One is the Loneliest Trimester that You'll Ever See
There are a lot of emotions that you might go through when you find out that you're pregnant. For me, being utterly and uncontrollably sad was not one I thought I would have to deal with. However, with much of life comes the unexpected and my first trimester of being pregnant was just that.
Once I found out I was pregnant, I went through a complete range of emotions. Of course I was ecstatic - I've wanted to be a mother for a really long time. I keep joking that I've rented other peoples children for so long that it was finally time to own. I was absolutely overwhelmed though. All of a sudden, you've become a different person. The minute I found out I was expecting, changes had to take place - no more glasses of wine after a hard day at work, sneaking that extra donut might have an adverse effect other than just a sugar high, and OMG all the plans that I felt I needed to make IMMEDIATELY. Instantly you've become a mother and your life changes.
Physically, I was exhausted. I mean the sleeping for 15 hours a night exhausted. On top of that, I had what I'll call reverse morning sickness. I was fortunate enough that I never threw up but if I didn't eat every 2 hours I became extremely nauseous and would dry heave. Pretty awesome, huh? Usually I love eating but I had no taste for anything. I was basically force feeding myself bread and butter every two hours. I'd even have the Hubs wake me up in the middle of the night in order to eat - I called them my Night Feedings. It was horrible.
Then there are the changes that you don't expect. I found out I was pregnant at about 5 weeks and we decided not to tell anyone until I was 12 weeks. Pretty standard timetable but that's almost 2 months of keeping the biggest secret of my life! When I went out with friends, I had to lie about why I wasn't drinking, pretend I wasn't pregnant. I'd sometimes just sit at dinner and zone out thinking about how much I wanted to tell everyone. As someone who takes pride in being open and honest with friends, it took a toll on me. I eventually turned down most invitations. I spent a lot of time by myself.
One of my little joys was watching my bump grow and sending pictures to my mom. We told our parents before the 12 week mark and I ended up talking a lot to my mom which really made us closer. That was absolutely a silver lining! The second pic is of me at a 6am feeding - I would keep snacks and meals next to the bed so when I woke up nauseous, I could just reach over and shove something into my mouth.
I also had the worst pregnancy paranoia. Despite wishing I could tell everyone that I was pregnant, I would flat out refuse to talk about the baby sometimes because I was so paranoid that if I did, something bad would happen. I insisted on waiting to make plans about anything involving the baby for fear of jinxing it. The Hubs would tell me that I should just tell a couple close friends but then I would think "But what would I tell them if something happened to the baby?" and I would have these horrible thoughts about how incredibly devastating it would be if I had a miscarriage. It made me feel like the worst, grossest human being in the world.
So here I was, feeling alone, watching cooking shows in the hopes I would get enough of an appetite to eat a piece of toast without gagging, unable to talk to anyone, and having incredibly awful thoughts. Of course I talked to the Hubs but not only did I not want to overwhelm him more than he already was, he was working so hard - picking up extra shifts at work, getting things in order so we could move, dealing with picking up the extra slack around the house because I was sleeping so much. I felt like I was already enough of a burden, I couldn't add more to the pile.

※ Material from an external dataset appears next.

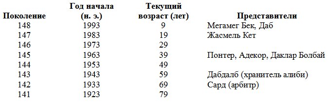 Новое поколение рождается каждые десять лет. Базой для отсчёта поколений служит год, а не месяц, потому что момент зачатия всегда выбирается так, чтобы рождения приходились на весну: у младенца выше шансы выжить, если первую зиму своей жизни он встретит лишь через восемь месяцев после рождения.
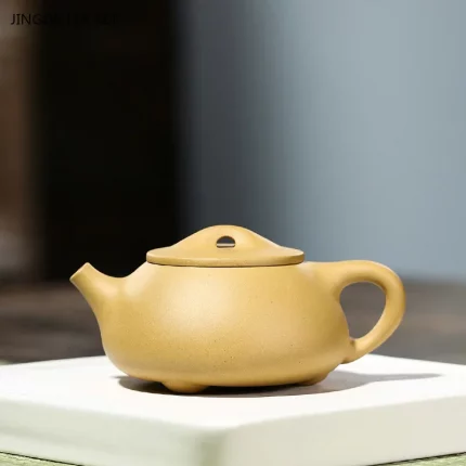 「金段素韵 · Golden Still」 — 260ml Master Handmade Yixing Purple Clay Teapot | Simple Classic Form with Raw Mineral Gold Section Mud · Zisha Gongfu Tea Set

I know that a lot of this was hormones. I know a lot of this is just what happens when you have a baby - morning sickness, being tired and irritable - those are just part of growing life inside of you. I never once hated Baby but I did hate the process. I simply could not have predicted the mental side of things though. I've been a part of the baby culture for a long time and I'm a trained Postpartum Doula - I knew about postpartum depression but I'd never once heard a mom talk about the utter sadness that can accompany that first trimester. The second trimester comes and you tell people and there's excitement all around. You start showing and people can tell you're having a baby and not just bloated from a big lunch. Third trimester comes and plans start moving, nurseries get put together, bottles get set up.
It's tough for me to talk about because there are some dark moments in my first trimester. However, I wanted to share my story in the hopes that it helps other mamas to be that might be struggling with the loneliness, the overwhelmingness, the fear that might come with the first trimester. You aren't alone and even though you might feel like you're on an island, if you just venture to the other side, there are people who will listen. I will listen. Anonymously send me an email if you need to talk but don't want to share your name. I will listen. It only gets better and being able to talk to someone would have made all the difference to me.
Mamas - did any of you struggle with the first trimester blues? How did you deal with them?